Jennifer Grey says she doesn’t recognize her ex-fiancé, Johnny Depp, in the trial video: ‘It makes me sad’
The Dirty Dancing star was engaged to both Depp and Matthew Broderick back in 1988.
Jennifer Grey is talking out about her ex-fiancé, Johnny Depp, in the middle of his defamation trial against his ex-wife, Amber Heard.
The Dirty Dancing actress appeared on The Tamron Hall Show via Skype on Tuesday to discuss her new memoir Out of the Corner, and she was asked about being engaged to both Depp and Matthew Broderick in the same month in 1988.
According to the Entertainment World, when Hall showed the audience a cute photo of Depp and Grey at the time, the actress said she didn’t recognize the Depp in the photo from the Depp she’s seen in videos from his defamation trial, which has been streaming live on Court TV and Law & Crime since April 12.

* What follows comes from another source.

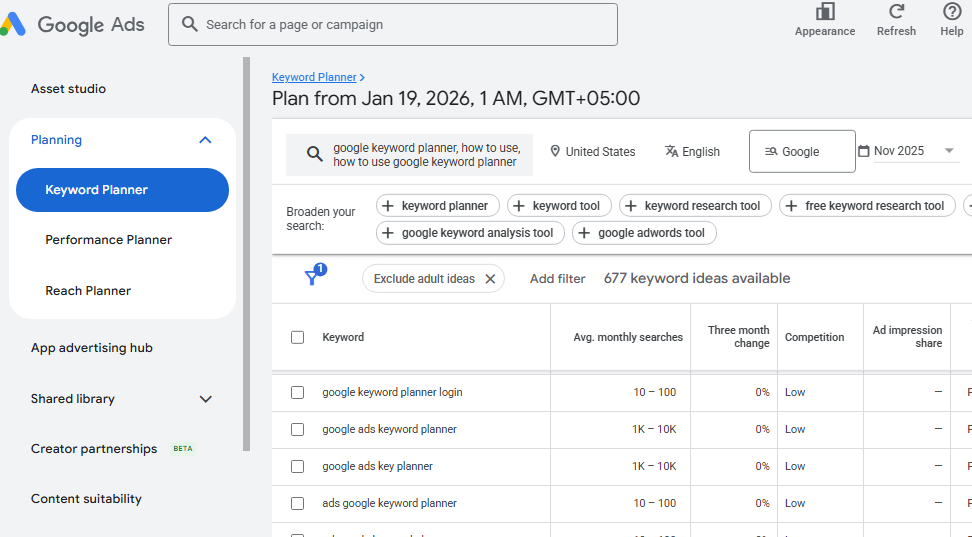 Keyword Planner for Google Ads Campaigns

“I will say that I haven’t watched any of it. I don’t even know how to. I don’t even know how to get Court TV. I don’t even know where it would be. But from clips or things that I’ve come across, I don’t recognize the person. It’s nothing to do with anything that I’ve ever experienced, and it makes me sad. I don’t understand what’s going on, and I just want everyone to be okay.”

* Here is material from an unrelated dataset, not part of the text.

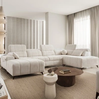 Rohová pohovka s funkcí spaní Tesalia IV Lux béžová levá stylová rohová pohovka s výsuvnou opěrkou nohou a posuvnou funkcí opěradla

Depp is suing Heard for $50 million for an op-ed she wrote in the Washington Post in 2018 about her experiences as a domestic violence survivor. The shocking and intimate details about Depp and Heard’s relationship that have been revealed, including allegations of domestic violence and substance abuse, have gained widespread media attention.

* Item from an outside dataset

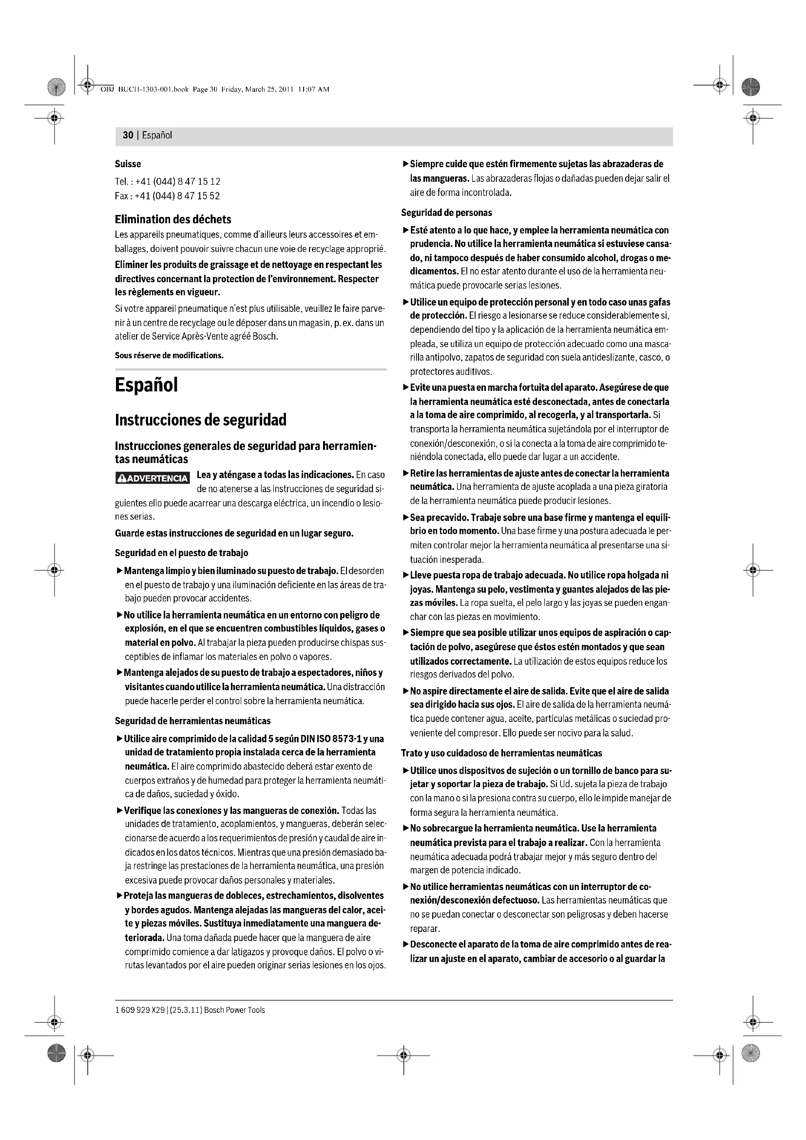 Peso según EPTA-Procedure 01/2003 kg 2,5 Dr. Egbert Schneider Senior Vice President Engineering Dr. Eckerhard Strötgen Head of Product Certification OBJ_BUCH-1303-001.book Page 32 Friday, March 25, 2011 11:07 AMEspañol | 33 Bosch Power Tools 1 609 929 X29 | (25.3.11) Cambio del disparador (ver figuras B1–B2) Desconecte el aparato de la toma de aire comprimido antes de realizar un ajuste en el aparato, cambiar de ac- cesorio, o al guardar la herramienta neumática. Esta medida preventiva reduce el riesgo a conectar accidental- mente la herramienta neumática. La herramienta neumática puede funcionar con dos sistemas de activa- ción diferentes. El sistema de activación lo selecciona montando el respectivo disparador. Desmontaje del disparador – Desprenda el anillo de goma 14 del pasador de seguridad 15. – Saque el pasador de seguridad 15 de la carcasa. – Tire oblicuamente hacia atrás y hacia abajo del disparador para sacarlo de la carcasa. Montaje del disparador – Seleccione el disparador adecuado al sistema de activación deseado. Observación: Al montar el disparador gris 5 preste atención a que la pa- lanca del disparador 16 se encuentre en la posición correcta (ver figura B2). – Introduzca el disparador en la carcasa. Al realizar esto asegúrese de que el resorte del disparador 17 este alo- jado sobre el perno del disparador 18 y haga presión contra la palanca del disparador 16. – Haga coincidir los orificios de montaje del disparador con los de la car- casa e inserte el pasador de seguridad 15 por dichos orificios. – Aloje el anillo de goma 14 en la ranura del pasador de seguridad 15. Llenado del cargador (ver figuras C1–C3) Desconecte el aparato de la toma de aire comprimido antes de realizar un ajuste en el aparato, cambiar de ac- cesorio, o al guardar la herramienta neumática. Esta medida preventiva reduce el riesgo a conectar accidental- mente la herramienta neumática. fSolamente utilice accesorios originales Bosch (ver “Datos técni- cos”). Las piezas de precisión de la herramienta neumática, como el cargador, la boca y el canal de expulsión han sido especialmente con- cebidas para trabajar con grapas, clavos y puntas Bosch. Otros fabri- cantes emplean acero de una calidad y dimensiones diferentes. El uso de elementos de sujeción inapropiados puede perjudicar a la he- rramienta neumática y acarrear lesiones. Al llenar el cargador mantenga la herramienta neumática de manera que la boca 9 de la misma no quede dirigida contra su propio cuerpo ni contra otras personas. – Limpie y lubrique el canal de expulsión 21 y asegúrese de que esté lim- pio el cargador 6. – Presione el cierre del cargador 4 y abra la tapa del cargador 7. El eje del cargador 19 deberá ajustarse a la longitud de los clavos para que la tira se desenrolle fácilmente y los clavos accedan a la parte delantera de la boca. – Tire hacia arriba del eje del cargador 19 y gírelo hasta enclavarlo en la posición deseada. – Aloje el rollo de clavos 20 en el eje del cargador 19. – Desenrolle un tramo de rollo suficiente de manera que el primer clavo pueda alojarse en el canal de expulsión 21 y el segundo en el alimenta- dor 22. Aloje las cabezas de los clavos en la ranura guía 23. – Cierre la tapa del cargador 7 de forma que enclave el cierre del carga- dor 4. fCuide que al montar el rollo de clavos no se dañe o deforme el alam- bre que sujeta los clavos. Si el alambre está dañado o si el rollo de ca- bles ha sido incorrectamente montado puede ocurrir que no pueda ce- rrarse bien la tapa del cargador. Ello puede provocar un funcionamiento deficiente de la herramienta neumática. Operación Sistemas de activación La herramienta neumática puede funcionar con dos sistemas de activa- ción diferentes: – Activación individual protegida Este sistema de activación requiere aplicar primero el seguro 10 contra la pieza de trabajo. El elemento de sujeción solamente es expulsado al accionarse el disparador . A continuación, la herramienta neumática solamente puede volver a ac- tivarse si el disparador y el seguro se encuentran nuevamente en la po- sición de partida. – Activación por contacto Este sistema de activación exige que primeramente sea presionado el disparador . El elemento de sujeción es disparado siempre que, tenien- do apretado el disparador, el seguro 10 sea presionado firmemente contra la pieza de trabajo. De esta manera la velocidad de trabajo es mayor. El sistema de activación lo selecciona montando el respectivo disparador. (ver “Cambio del disparador”, página 33) Puesta en marcha Desconecte el aparato de la toma de aire comprimido antes de realizar un ajuste en el aparato, cambiar de ac- cesorio, o al guardar la herramienta neumática. Esta medida preventiva reduce el riesgo a conectar accidental- mente la herramienta neumática. Operación con activación individual (ver figura D) – Monte el disparador gris 5. (ver “Cambio del disparador”, página 33) – Oprima firmemente la boca 9 contra la pieza de trabajo hasta compri- mir completamente el seguro 10. – Seguidamente, accione brevemente el disparador 5 y suéltelo a conti- nuación. Entonces se dispara un clavo. – Deje que la herramienta neumática rebote contra la pieza de trabajo. – Para continuar disparando, separe completamente la herramienta neu- mática de la pieza de trabajo y asiéntela firmemente de nuevo sobre el siguiente punto deseado. Simbología Disparador Sistema de activación Disparador 5 (gris) Activación individual protegida Disparador 8 (rojo) Activación por contacto Longitud de los clavos 19 mm–32 mm 32 mm–44 mm Inscripción del cargador 3/4–11/4 11/4–13/4 Posición del eje del car- gador arriba abajo Sentido de giro en el sentido de las agujas del reloj en sentido contrario a las agujas del reloj OBJ_BUCH-1303-001.book Page 33 Friday, March 25, 2011 11:07 AM1 609 929 X29 | (25.3.11) Bosch Power Tools 34 | Español Operación con activación

Grey discusses her romance with Depp in her new memoir, which she told Extra she hasn’t spoken to in 30 years. “There was some heat. It was a f—ing bonfire,” she wrote in an excerpt obtained by PEOPLE. “It was literally like, ‘Are you f—ing kidding me? Are you f—ing kidding me?’ I’ve never seen a guy like this.”
As for Broderick, whom Grey-met while filming Ferris Bueller’s Day Off, the actress said she didn’t give him a heads up about the book or his part in it. “I had to write my version of the story. Everyone has a right to tell their story, and all I do is talk about my choices, my part, how it affected me,” she explained. “All I know is, he and every single person that I’ve written about in the book, I loved.”
She continued, “He didn’t do anything to me; I made choices. I wanted to be with him. I wanted to stay. It was really about, ‘Wow, how did I make those choices which put me in the corner?’ And now I can look, and instead of thinking of it as anybody having put me in the corner, every single thing that has happened has formed me.”